┌─ The data
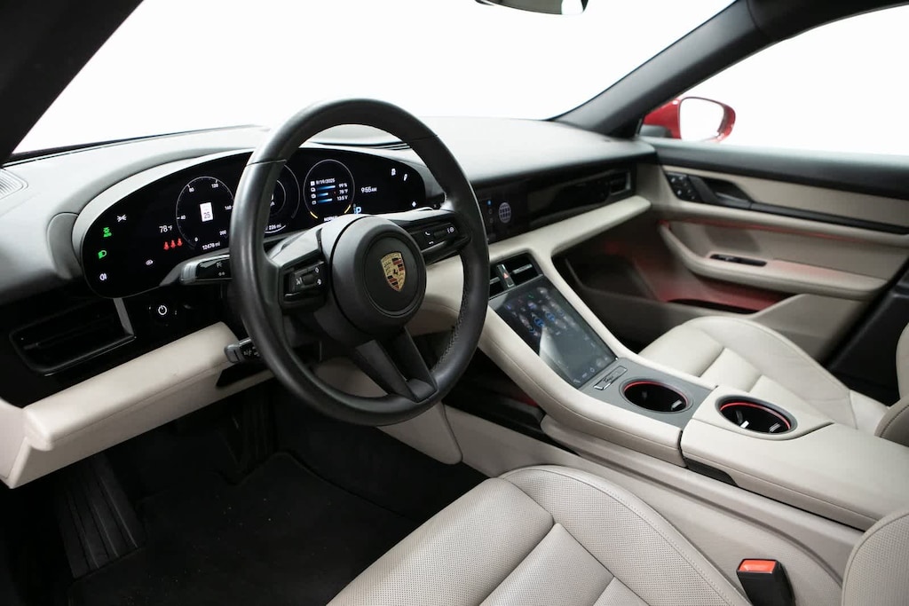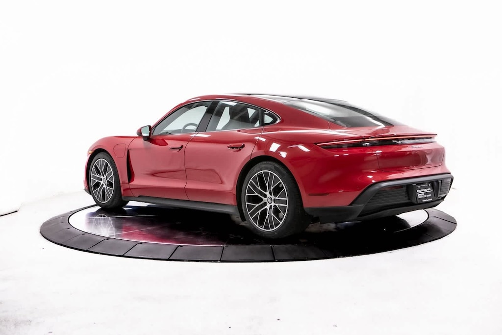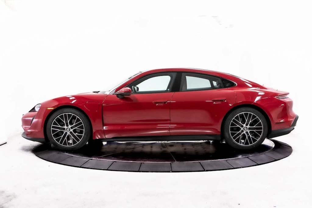 Porsche Certified, 10 Speakers, 14-Way Power Seats w/Comfort Memory, 4-Wheel Disc Brakes, 8-Way Power Front Seats, ABS brakes, Air Conditioning, Alloy wheels, Auto-dimming door mirrors, Auto-dimming Rear-View mirror, Automatic temperature control, BOSE Surround Sound System, Brake assist, Bumpers: body-color, Compass, Delay-off headlights, Driver door bin, Driver vanity mirror, Dual front impact airbags, Dual front side impact airbags, Electronic Stability Control, Exterior Parking Camera Rear, Four wheel independent suspension, Front anti-roll bar, Front Bucket Seats, Front Center Armrest, Front dual zone A/C, Front reading lights, Front Seat Ventilation, Fully automatic headlights, Garage door transmitter: HomeLink, Heated door mirrors, Heated front seats, Illuminated entry, Ionizer, Knee airbag, Lane Change Assist (LCA), Leather steering wheel, Low tire pressure warning, Memory seat, Navigation system: Porsche Communication Management (PCM), Occupant sensing airbag, Outside temperature display, Overhead airbag, Overhead console, Panic alarm, Partial Leather Seat Trim, Passenger door bin, Passenger vanity mirror, Porsche Communication Management, Porsche Dynamic Light System Plus (PDLS+), Power door mirrors, Power driver seat, Power Folding Exterior Mirrors, Power passenger seat, Power steering, Power windows, Premium Package, Radio data system, Rain sensing wipers, Rear anti-roll bar, Rear fog lights, Rear reading lights, Rear seat center armrest, Rear side impact airbag, Rear window defroster, Remote keyless entry, Security system, Speed control, Speed-sensing steering, Split folding rear seat, Spoiler, Sport steering wheel, Steering wheel mounted audio controls, Storage Package, Surround View, Telescoping steering wheel, Tilt steering wheel, Traction control, Trip computer, Variably intermittent wipers, Wheels: 19 Taycan S Aero. Carmine Red 2024 Porsche Taycan Base RWD 2-Speed Automatic Electric Motor
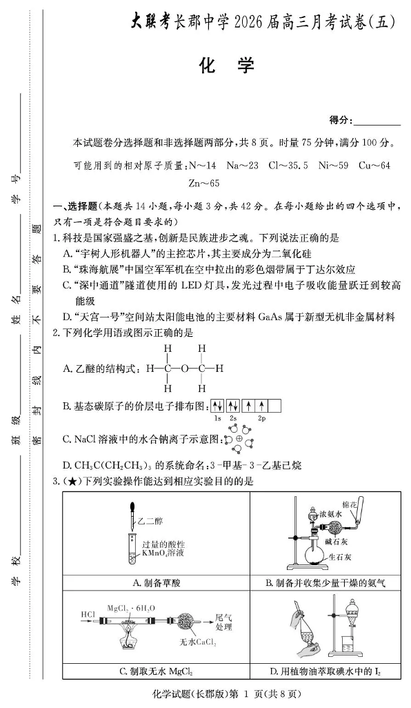 长郡中学2026届高三月考试卷(五)化学.pdf
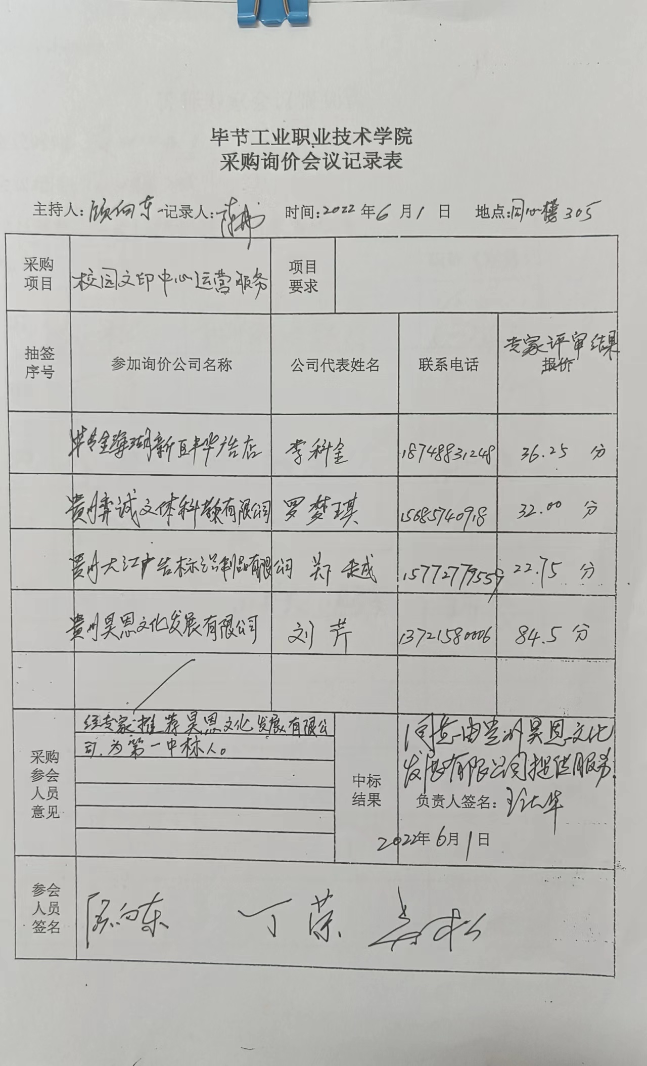畢節(jié)工業(yè)職業(yè)技術(shù)學(xué)院采購詢價會議記錄表公示
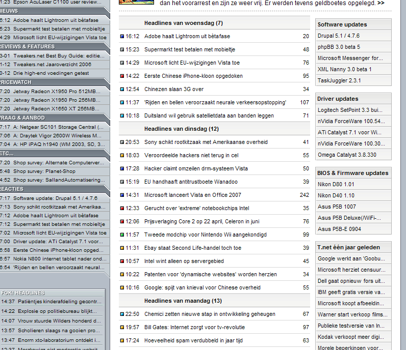 En dan de grote van de lijst van nieuwslinks van vandaag, gisteren, etc. De ruimte tussen de nieuwslinks vind ik te klein waardoor het allemaal nogal volgepropt toont. Met een line-height van 20px op .b7 in de CSS is het al wat opener:
└─
== Exercise brief ==
Working from the listing above, retype it exactly but include no images.

== Solution to this task ==
 Porsche Certified, 10 Speakers, 14-Way Power Seats w/Comfort Memory, 4-Wheel Disc Brakes, 8-Way Power Front Seats, ABS brakes, Air Conditioning, Alloy wheels, Auto-dimming door mirrors, Auto-dimming Rear-View mirror, Automatic temperature control, BOSE Surround Sound System, Brake assist, Bumpers: body-color, Compass, Delay-off headlights, Driver door bin, Driver vanity mirror, Dual front impact airbags, Dual front side impact airbags, Electronic Stability Control, Exterior Parking Camera Rear, Four wheel independent suspension, Front anti-roll bar, Front Bucket Seats, Front Center Armrest, Front dual zone A/C, Front reading lights, Front Seat Ventilation, Fully automatic headlights, Garage door transmitter: HomeLink, Heated door mirrors, Heated front seats, Illuminated entry, Ionizer, Knee airbag, Lane Change Assist (LCA), Leather steering wheel, Low tire pressure warning, Memory seat, Navigation system: Porsche Communication Management (PCM), Occupant sensing airbag, Outside temperature display, Overhead airbag, Overhead console, Panic alarm, Partial Leather Seat Trim, Passenger door bin, Passenger vanity mirror, Porsche Communication Management, Porsche Dynamic Light System Plus (PDLS+), Power door mirrors, Power driver seat, Power Folding Exterior Mirrors, Power passenger seat, Power steering, Power windows, Premium Package, Radio data system, Rain sensing wipers, Rear anti-roll bar, Rear fog lights, Rear reading lights, Rear seat center armrest, Rear side impact airbag, Rear window defroster, Remote keyless entry, Security system, Speed control, Speed-sensing steering, Split folding rear seat, Spoiler, Sport steering wheel, Steering wheel mounted audio controls, Storage Package, Surround View, Telescoping steering wheel, Tilt steering wheel, Traction control, Trip computer, Variably intermittent wipers, Wheels: 19 Taycan S Aero. Carmine Red 2024 Porsche Taycan Base RWD 2-Speed Automatic Electric Motor
 长郡中学2026届高三月考试卷(五)化学.pdf
畢節(jié)工業(yè)職業(yè)技術(shù)學(xué)院采購詢價會議記錄表公示
 En dan de grote van de lijst van nieuwslinks van vandaag, gisteren, etc. De ruimte tussen de nieuwslinks vind ik te klein waardoor het allemaal nogal volgepropt toont. Met een line-height van 20px op .b7 in de CSS is het al wat opener:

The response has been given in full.